Not surprisingly, the executive branch has favoured interpretations of the resolution that are less likely to constrain the president’s ability to use military force without Congressional authorisation. In the most oft-repeated formulation, the State Department’s legal adviser informed Congress in a 1975 letter that its working definition of “hostilities” meant “a situation in which units of the U.S. armed forces are actively engaged in exchanges of fire with opposing units of hostile forces”.[7] He also said “imminent hostilities” means “a situation in which there is a serious risk from hostile fire to the safety of United States forces”. 

In subsequent years, the White House has offered readings of the law that permit the executive to do even more without getting Congress involved. As noted in Section II, a 1980 opinion, OLC took the position that:

if our armed forces otherwise lawfully stationed in a foreign country were fired upon and defended themselves, we doubt that such engagement in hostilities would be covered by the consultation and reporting provisions of the War Powers Resolution.

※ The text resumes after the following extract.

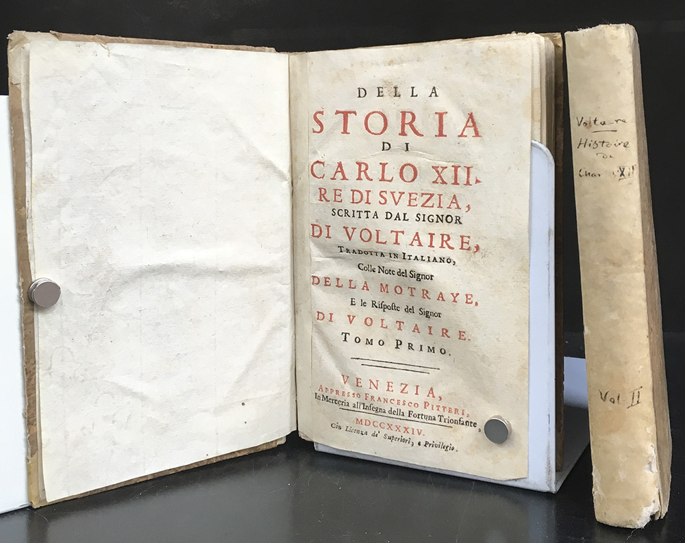 VOLTAIRE. Della storia di Carlo XII re di Svezia scritta dal signor di Voltaire. Venezia: Francesco Pitteri, 1734. 2 volumi, frontespizio in rosso e nero, mezza pergamena coeva. Non collazionato e difetti da esaminare.

The structure and thrust of those provisions is the “introduction” of our armed forces into such a situation and not the fact that those forces may be engaged in hostilities. It seems fair to read “introduction” to require an active decision to place forces in a hostile situation rather than their simply acting in self-defense.[8]

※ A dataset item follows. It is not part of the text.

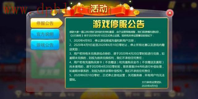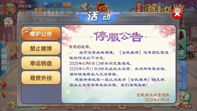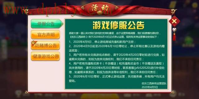 4月9日,《优乐江西麻将》停止充值和新用户注册,并表示在6月10日停运;

Yet the U.S. executive branch has not regularly invoked or, it seems, consciously relied upon this reading of the word “introduction” as a loophole in the law. To the contrary, both the facts and framing of some past war powers notifications indicate that they pertain to just these sort of on-the-spot defensive actions authorised by field commanders, rather than the president. For example, in August 1983, U.S. marines in Lebanon engaged in combat after coming under attack. The Reagan administration reported the fighting “consistent with” the War Powers Resolution, even though in returning fire the marines were acting “[a]s contemplated by their rules of engagement” rather than at the direction of the commander-in-chief.[9]

Notably, Congress has rejected narrow executive branch interpretations of “hostilities” and “introduction” in the context of the War Powers Resolution. In the above case of Lebanon, for example, the Reagan administration had deployed U.S. forces without Congressional authorisation. When considering an after-the-fact authorisation for this deployment, the Senate Foreign Relations Committee pushed back against arguments that there was a carveout in the War Powers Resolution for on-the-spot defensive actions. In a report, the committee stated:

Arguments have been made, that a hostile situation was not indicated by the present circumstances because the Marines: (a) Only returned rather than initiated fire; (b) Acted only in self-defense; (c) Remained essentially in one location rather than taking offensive actions; (d) Performed a mission of “peacekeeping,” “presence” or “interposition”. However, there is nothing in the legislative history of the War Powers Act to indicate that any of these considerations would alter the fact that “hostilities” are indicated.[10]


Moreover, with respect to U.S. military action in Lebanon, Congress put into law its view that the August 1983 exchange of fire involving U.S. marines triggered section 4(a)(1) of the War Powers Resolution (presumably as an “introduction” of U.S. forces into hostilities”) even though the Reagan White House had characterised it as an on-the-spot defensive response.[11] Joe Biden, then a senator, opposed the draft Lebanon use of force resolution in committee, emphasising in a separate dissent in the committee report that “I would not support any authorization for troops in Lebanon of any duration absent much more clearly defined goals and a reasonable prospect of attaining those goals”.[12]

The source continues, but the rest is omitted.